Error probability of ordering based RO-PUFs are analyzed in Chapter 6. In the first section, group length analysis is performed, symbol error and bit error probabilities are presented, and worst case bit errors based on group sizes are analyzed. Then, area usage vs. robustness in ordering based RO-PUFs is analyzed. Finally, ECC are introduced and implementation results of the BCH codes for various output lengths and error correction capabilities are presented.

CRP enhancement methods for ordering based RO-PUFs are presented in Chapter 7. Initially, CRP properties and importance of large number of CRPs are discussed. Then,  $f_{thp}$  selection and RO selection methods, which provide CRP support to ordering based RO-PUFs, are introduced. These methods are compared in terms of CRP quality and number, area consumption, and timing efficiency.

Chapter 8 focuses on the effects of aging on the performance and behavior changes of ordering based RO-PUFs. Aging mechanisms are presented and the effects of aging on RO-PUFs are investigated through an AAT applied in FPGA environment. Finally, a compensation mechanism to maintain the reliability of ordering based RO-PUFs for many years of operation is proposed.

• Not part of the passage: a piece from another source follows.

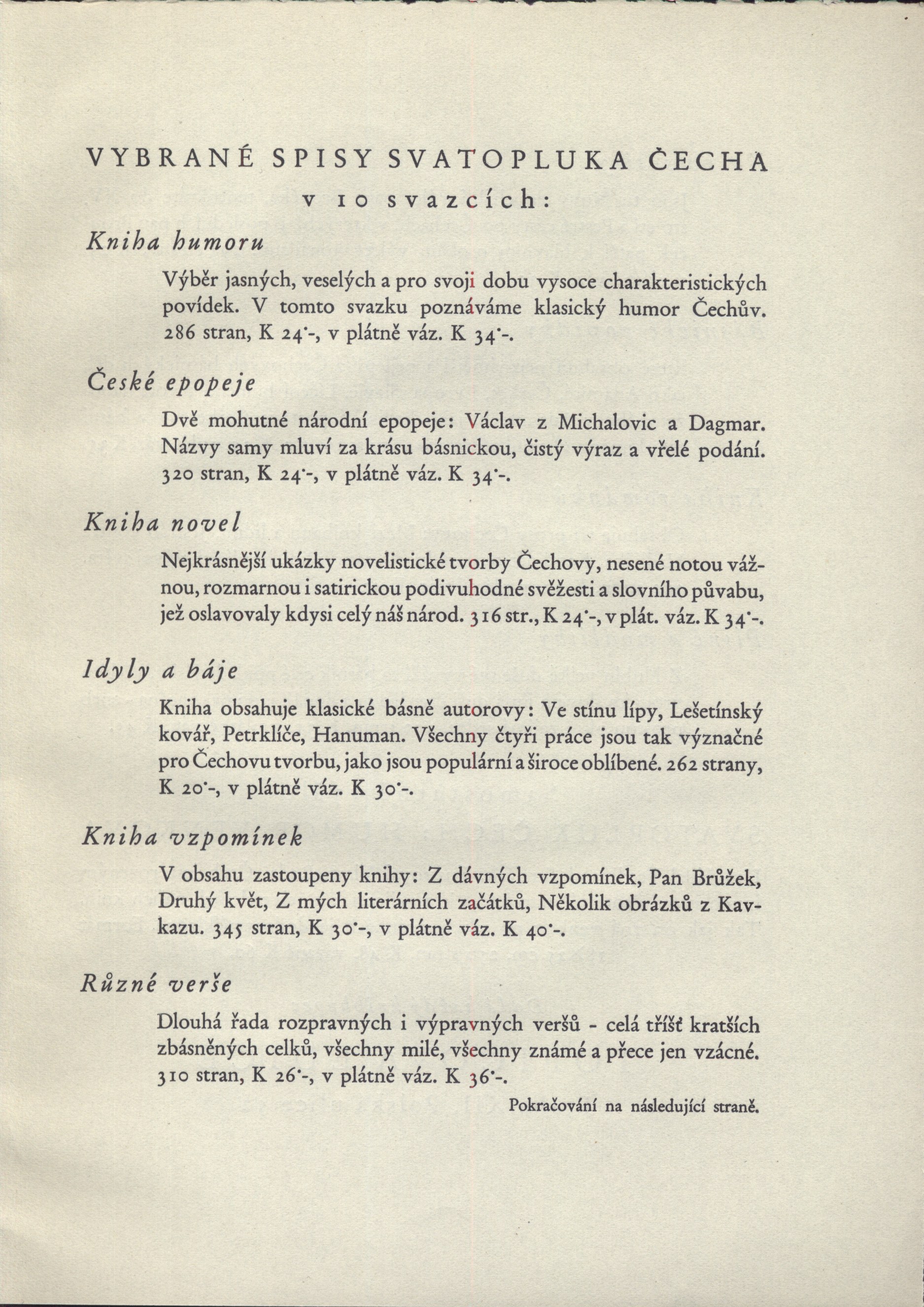 Názvové údaje Rudá v černé / K. J. Beneš ; [obálku a vazbu navrhl Milan Hegar ; proti tit. dřevoryt Maria Strettiho] Osobní jméno Beneš, Karel Josef, 1896-1969 (Autor) Další autoři Hegar, Milan, 1921-1987 (Grafický technik) Stretti, Mario, 1910-1960 (Ilustrátor) Nakladatel Praha : Československý spisovatel, 1955 Rozsah 331 s. Klíčová slova česká literatura * próza * román * próza * román Počet ex. 2, z toho volných 2 Druh dok. monografie Signatura AČS 04927, AČS 04927a Názvové údaje Písně otroka / Svatopluk Čech ; [frontispis Mario Stretti ; v grafické úpravě Cyrila Boudy] Osobní jméno Čech, Svatopluk, 1846-1908 (Autor) Další autoři Stretti, Mario, 1910-1960 (Ilustrátor) Bouda, Cyril, 1901-1984 (Knižní grafik) Korp. Topičova edice (nakladatelství) (Nakladatel, vydavatel) H. Lüdemann (Český Těšín) (Tiskař) (Tiskař obrazu) Nakladatel Praha : Topičova edice, 1946 Výrobce Knihtiskárna H. Lüdemann, nár. správa) Rozsah 77 s. : il. ; 22 cm Klíčová slova česká literatura * poezie * Čech S. * politická lyrika Počet ex. 1, z toho volných 1 Druh dok. monografie Signatura Topič 0109 Názvové údaje Pravý výlet pana Broučka do měsíce / Svatopluk Čech ; [lavírované kresby a úprava Mario Stretti] Osobní jméno Čech, Svatopluk, 1846-1908 (Autor) (Autor úvodu atd.) Další autoři Stretti, Mario, 1910-1960 (Ilustrátor) (Autor obálky) (Knižní grafik) Korp. Topičova edice (nakladatelství) (Nakladatel, vydavatel) Müller a spol. (tiskárna) (Tiskař) Nakladatel V Praze : Topičova edice Praha, 1939 Výrobce knihtiskárna Müller a spol.) Rozsah 107 s., [7] l. obr. příl. : il. ; 23 cm Klíčová slova česká literatura * próza * povídka * satira * satirická sci-fi * Čech S. * ilustrované knihy * ilustrace * Stretti M. Počet ex. 1, z toho volných 1 Druh dok. monografie Signatura Topič 0755 Názvové údaje Divadelní žatva 1948 : sborník dokumentů o novém československém divadle / [uspořádal Emanuel Janský ; obálka a kresby Mario Stretti ; fotografie Karel Drbohlav] Osobní jméno Janský, Emanuel, 1900-1965 (Sestavovatel, kompilátor) Další autoři Stretti, Mario, 1910-1960 (Autor obálky) (Ilustrátor) Drbohlav, Karel, 1908-1971 (Fotograf) Korp. Umění lidu (firma) (Nakladatel, vydavatel) knihtiskárna Janský & Navrátil (Tiskař) (Praha, Česko) Nakladatel Praha : Umění lidu, 1948 Výrobce (Janský a Navrátil, n.s) Rozsah 228 s. : il. ; 4° Klíčová slova české divadlo * divadelní představení * soutěže * sborník * r. 1948 Počet ex. 1, z toho volných 1 Druh dok. monografie Signatura M 123 a 2 Názvové údaje Divadelní žatva 1948 : sborník dokumentů o novém československém divadle / [uspořádal Emanuel Janský ; obálka a kresby Mario Stretti ; fotografie Karel Drbohlav] Osobní jméno Janský, Emanuel, 1900-1965 (Sestavovatel, kompilátor) Další autoři Stretti, Mario, 1910-1960 (Autor obálky) (Ilustrátor) Drbohlav, Karel, 1908-1971 (Fotograf) Korp. Umění lidu (firma) (Nakladatel, vydavatel) knihtiskárna Janský & Navrátil (Tiskař) (Praha, Česko) Nakladatel Praha : Umění lidu, 1948 Výrobce (Janský a Navrátil, n.s) Rozsah 228 s. : il. ; 4° Klíčová slova české divadlo * divadelní představení * soutěže * sborník * r. 1948 Počet ex. 1, z toho volných 1 Druh dok. monografie Signatura P 79 a 16 Názvové údaje Marocké vzpomínky / generál Vladimír Klecanda ; kresba na obálce od M. Strettiho Osobní jméno Klecanda, Vladimír Vojtěch, 1888-1947 (Autor) Další autoři Stretti, Mario, 1910-1960 (Ilustrátor) Korp. Družstvo knihtiskárny (tiskárna, Hranice, Přerov) (Tiskař) Nakladatel Hranice : Vladimír Vojtěch Klecanda, 1934 Výrobce Hranice : Družstvo knihtiskárny Rozsah 15 stran : ilustrace Osobní hesla Klecanda, Vladimír Vojtěch, 1888-1947 - generál, legionář, skautský a sportovní funkcionář, publicista Klíčová slova francouzsky psaná literatura * překlad * česká literatura * přednáška * dějiny vojenství * vzpomínky * Maroko * Francie Počet ex. 3, z toho volných 3 Druh dok. monografie Signatura POR 181, EISNER 466, M 126 h 40 Názvové údaje Listy do vězení / Charlotta G. Masaryková ; [v překladu z němčiny a s doslovem Vincence Svobody] ; s předmluvou Dr. A.G. Masarykové ; obálku a litografii kreslil Maria Stretti ; upravil Method Kaláb] Osobní jméno Masaryková-Garrigue, Charlotte, 1850-1923 (Autor) Další autoři Svoboda, Vincenc, 1887-1955 (Překladatel) (Autor doslovu, tiráže atd.) Masaryková, Alice G., 1879-1966 (Autor úvodu atd.) Stretti, Mario, 1910-1960 (Autor obálky) (Ilustrátor) Kaláb, Method, 1885-1963 (Grafický technik) Korp. Vladimír Žikeš (Praha, Plzeň) (Nakladatel, vydavatel) Průmyslová tiskárna v Praze (Tiskař) Nakladatel V Praze : Vladimír Žikeš, 1948 Výrobce (Průmyslová tiskárna) Rozsah 107-[II] s. ; 8° Osobní hesla Masaryková-Garrigue, Charlotte, 1850-1923 - překladatelka, autorka odborných statí * Masaryk, Tomáš Garrigue, 1850-1937 - politik, první čsl. president, filosof Klíčová slova Česko * 1. světová válka * vězení * dopisy Počet ex. 1, z toho volných 1 Druh dok. monografie Signatura Holan 2099 Názvové údaje Knížka polibků / Jaroslav Seifert ; [ilustrovali Jan Kristofori, Čeněk Pražák, Mario Stretti] Osobní jméno Seifert, Jaroslav, 1901-1986 (Autor) Další autoři Kristofori, Jan, 1931-2004 (Ilustrátor) Pražák, Čeněk, 1914-1996 (Ilustrátor) Stretti, Mario, 1910-1960 (Ilustrátor) Nakladatel Curych : Konfrontace, 1984 Rozsah 192s. : čb. il., portréty Osobní hesla Seifert, Jaroslav, 1901-1986 - básník, novinář, překladatel Klíčová slova česká literatura * česká poezie * básně * vzpomínky * Seifert J. * stol. 20., léta 30.-70. Počet ex. 1, z toho volných 1 Druh dok. monografie Signatura C12b 6255 Názvové údaje O starých časech a dobrých lidech / vypravuje svým vnučkám Marie Stre

With the progress achieved in this thesis, designers will be able to calculate the optimum number of stages of ROs and measurement time theoretically depending on the system requirements and will achieve building high performance RO-PUF structures. Applications requiring 100% robustness, such as key generators, will be able utilize area, time, and power effective PUFs without the need of implementing ECCs. RO-PUFs will be able to utilized by authentication applications with the added high number of CRP support. Degrading the effect of aging on ordering based RO-PUFs will not threaten the functionality of the system. However, the proposed structures and methods are verified using limited type of FPGAs and are not implemented on

ASICs yet. In addition to these, the effects of shrinking of the device sizes with developing technology on RO-PUFs are not investigated as well. Thus, the thesis can be considered as a basis for future studies on RO-PUFs. Future works are planned as

- (i) Investigating the effects of different place&route strategies of ROs within slices of the FPGA on RO-PUFs,
- (ii) Investigating the effects of different RO topologies on RO-PUFs using ASICs,
- (iii) Developing and analyzing aging resistant RO topologies using ASICs for long lifetime RO-PUFs,
- (iv) Investigating the effects of shrinking of the device sizes with developing technology on RO-PUFs.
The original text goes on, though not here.